*PROBLEM TO SOLVE*: Your copy should match the entries exactly, with the pictures left out.
----- SOURCE INFORMATION
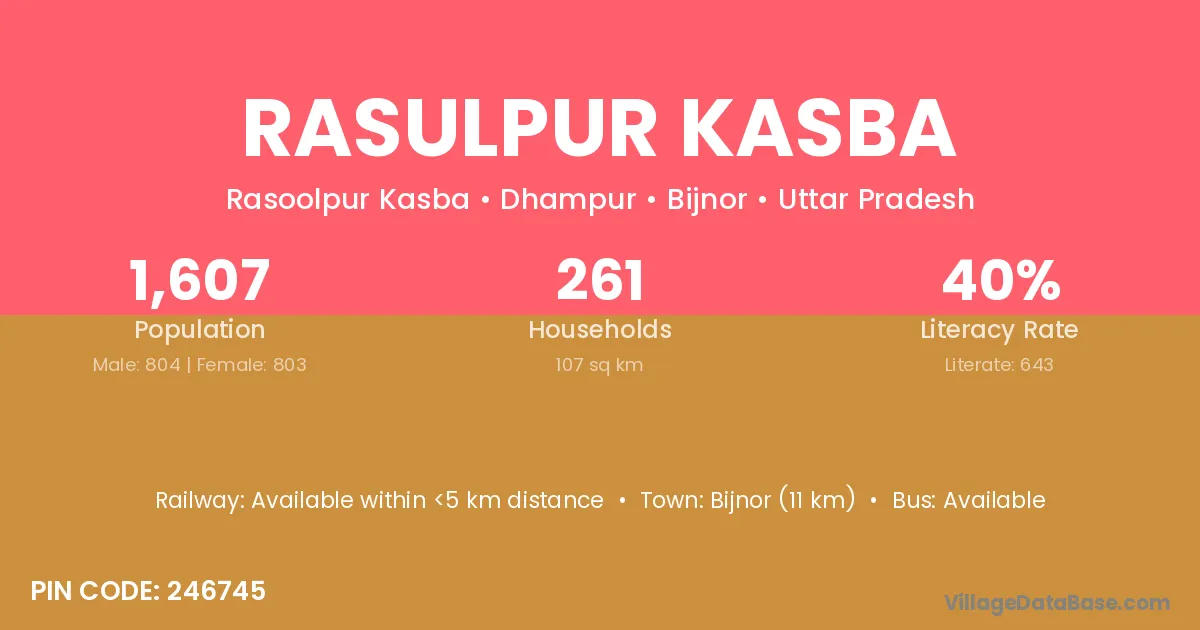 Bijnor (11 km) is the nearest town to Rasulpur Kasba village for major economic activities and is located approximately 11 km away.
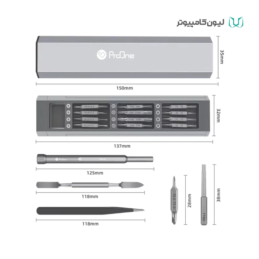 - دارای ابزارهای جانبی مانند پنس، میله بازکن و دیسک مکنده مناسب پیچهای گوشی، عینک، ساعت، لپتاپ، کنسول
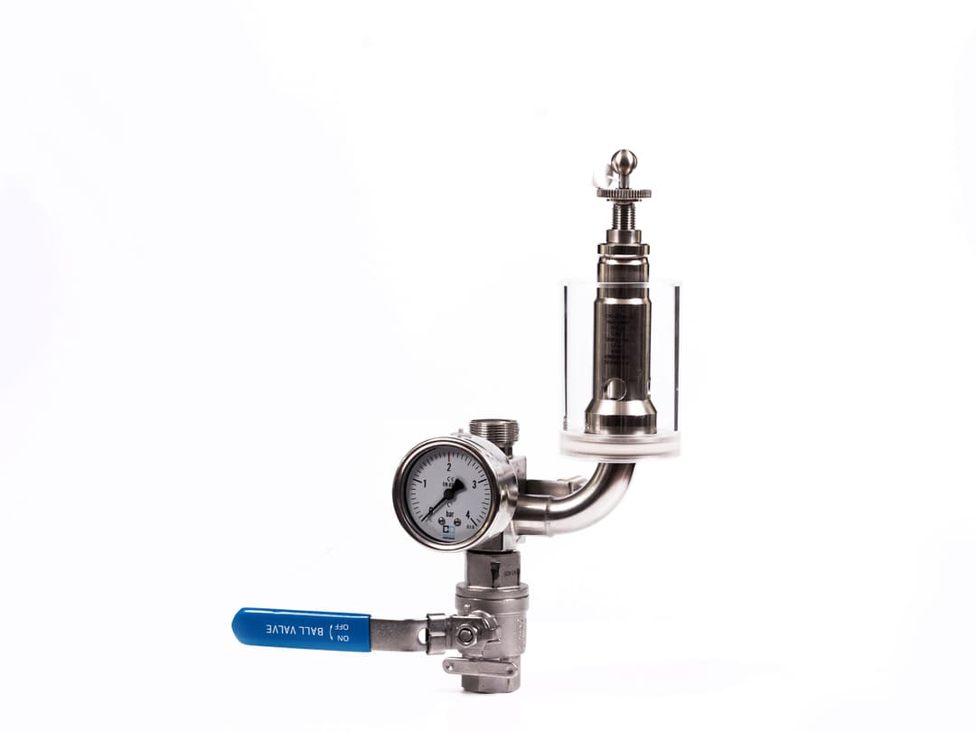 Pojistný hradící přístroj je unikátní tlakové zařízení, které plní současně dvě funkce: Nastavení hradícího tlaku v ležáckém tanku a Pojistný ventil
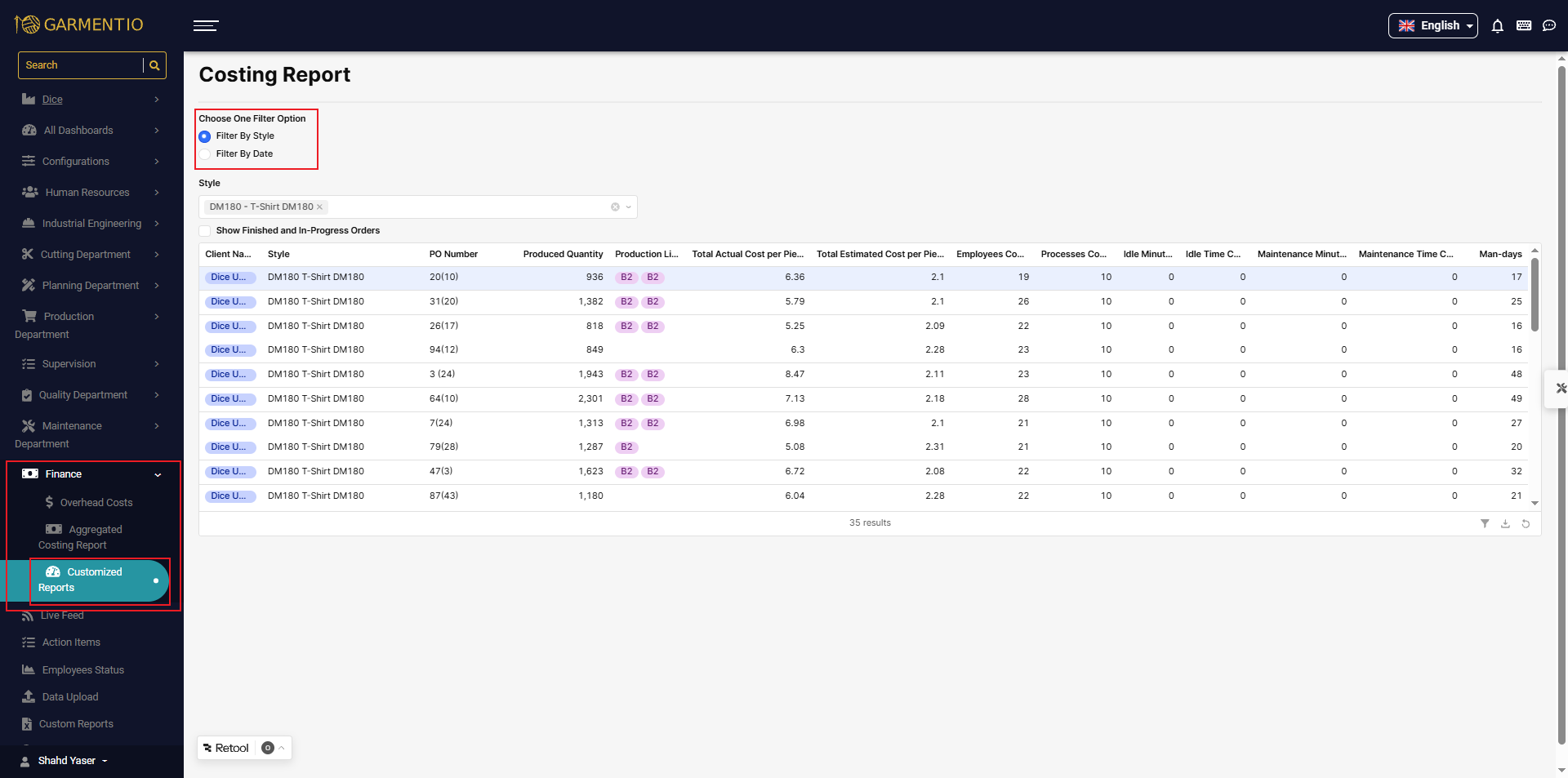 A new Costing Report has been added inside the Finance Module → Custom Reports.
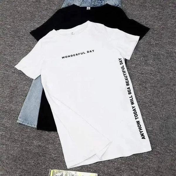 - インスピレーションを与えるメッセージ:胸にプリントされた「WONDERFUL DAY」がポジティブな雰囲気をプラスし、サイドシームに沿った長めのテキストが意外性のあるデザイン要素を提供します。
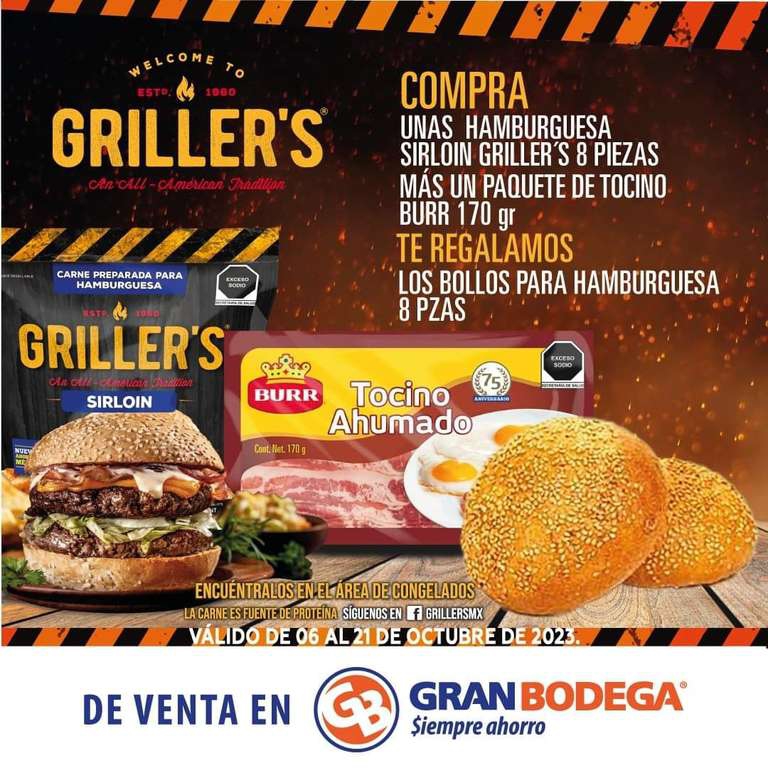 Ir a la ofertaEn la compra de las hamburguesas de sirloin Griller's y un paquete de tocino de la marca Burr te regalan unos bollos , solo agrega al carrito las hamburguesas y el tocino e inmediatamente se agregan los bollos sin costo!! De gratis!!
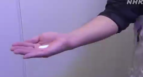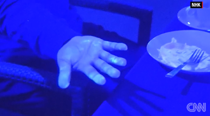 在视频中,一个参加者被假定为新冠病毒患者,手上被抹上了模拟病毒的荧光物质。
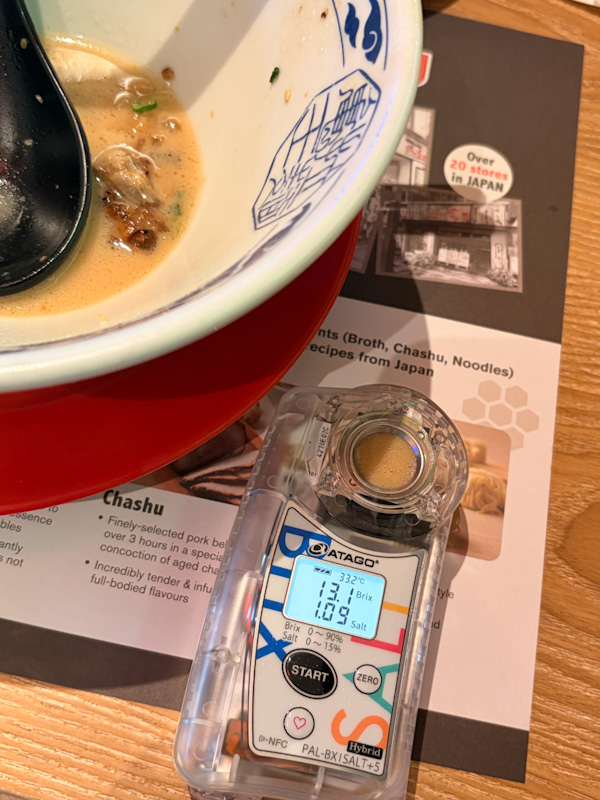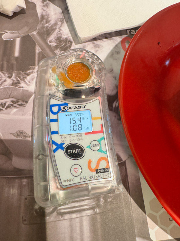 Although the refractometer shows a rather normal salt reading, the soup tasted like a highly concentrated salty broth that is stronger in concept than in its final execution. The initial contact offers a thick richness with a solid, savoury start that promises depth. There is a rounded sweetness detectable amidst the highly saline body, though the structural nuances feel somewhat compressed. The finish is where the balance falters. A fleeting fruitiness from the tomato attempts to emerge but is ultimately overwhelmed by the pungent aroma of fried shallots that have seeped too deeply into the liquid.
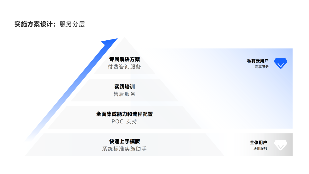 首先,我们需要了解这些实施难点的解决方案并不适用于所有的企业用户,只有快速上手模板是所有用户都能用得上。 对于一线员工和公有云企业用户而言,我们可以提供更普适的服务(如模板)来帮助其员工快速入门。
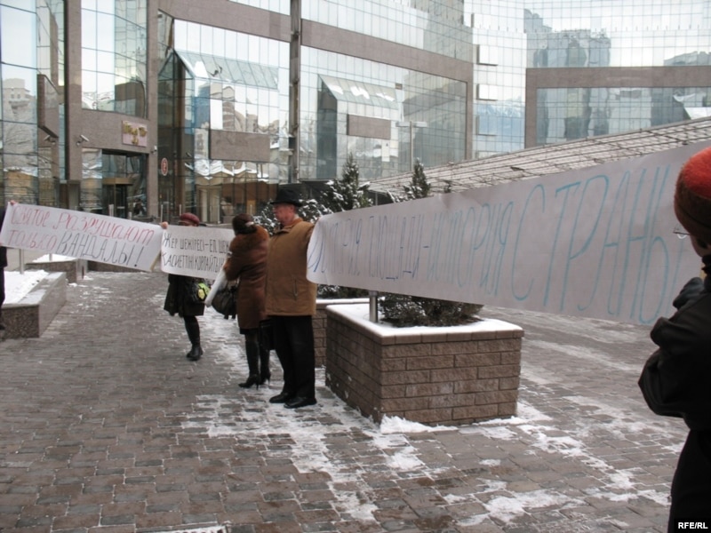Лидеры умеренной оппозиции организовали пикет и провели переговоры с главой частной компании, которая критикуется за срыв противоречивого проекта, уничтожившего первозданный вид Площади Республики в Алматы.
----------
*ANSWER FOR THIS EXERCISE*:
 Bijnor (11 km) is the nearest town to Rasulpur Kasba village for major economic activities and is located approximately 11 km away.
 - دارای ابزارهای جانبی مانند پنس، میله بازکن و دیسک مکنده مناسب پیچهای گوشی، عینک، ساعت، لپتاپ، کنسول
 Pojistný hradící přístroj je unikátní tlakové zařízení, které plní současně dvě funkce: Nastavení hradícího tlaku v ležáckém tanku a Pojistný ventil
 A new Costing Report has been added inside the Finance Module → Custom Reports.
 - インスピレーションを与えるメッセージ:胸にプリントされた「WONDERFUL DAY」がポジティブな雰囲気をプラスし、サイドシームに沿った長めのテキストが意外性のあるデザイン要素を提供します。
 Ir a la ofertaEn la compra de las hamburguesas de sirloin Griller's y un paquete de tocino de la marca Burr te regalan unos bollos , solo agrega al carrito las hamburguesas y el tocino e inmediatamente se agregan los bollos sin costo!! De gratis!!
 在视频中,一个参加者被假定为新冠病毒患者,手上被抹上了模拟病毒的荧光物质。
 Although the refractometer shows a rather normal salt reading, the soup tasted like a highly concentrated salty broth that is stronger in concept than in its final execution. The initial contact offers a thick richness with a solid, savoury start that promises depth. There is a rounded sweetness detectable amidst the highly saline body, though the structural nuances feel somewhat compressed. The finish is where the balance falters. A fleeting fruitiness from the tomato attempts to emerge but is ultimately overwhelmed by the pungent aroma of fried shallots that have seeped too deeply into the liquid.
 首先,我们需要了解这些实施难点的解决方案并不适用于所有的企业用户,只有快速上手模板是所有用户都能用得上。 对于一线员工和公有云企业用户而言,我们可以提供更普适的服务(如模板)来帮助其员工快速入门。
Лидеры умеренной оппозиции организовали пикет и провели переговоры с главой частной компании, которая критикуется за срыв противоречивого проекта, уничтожившего первозданный вид Площади Республики в Алматы.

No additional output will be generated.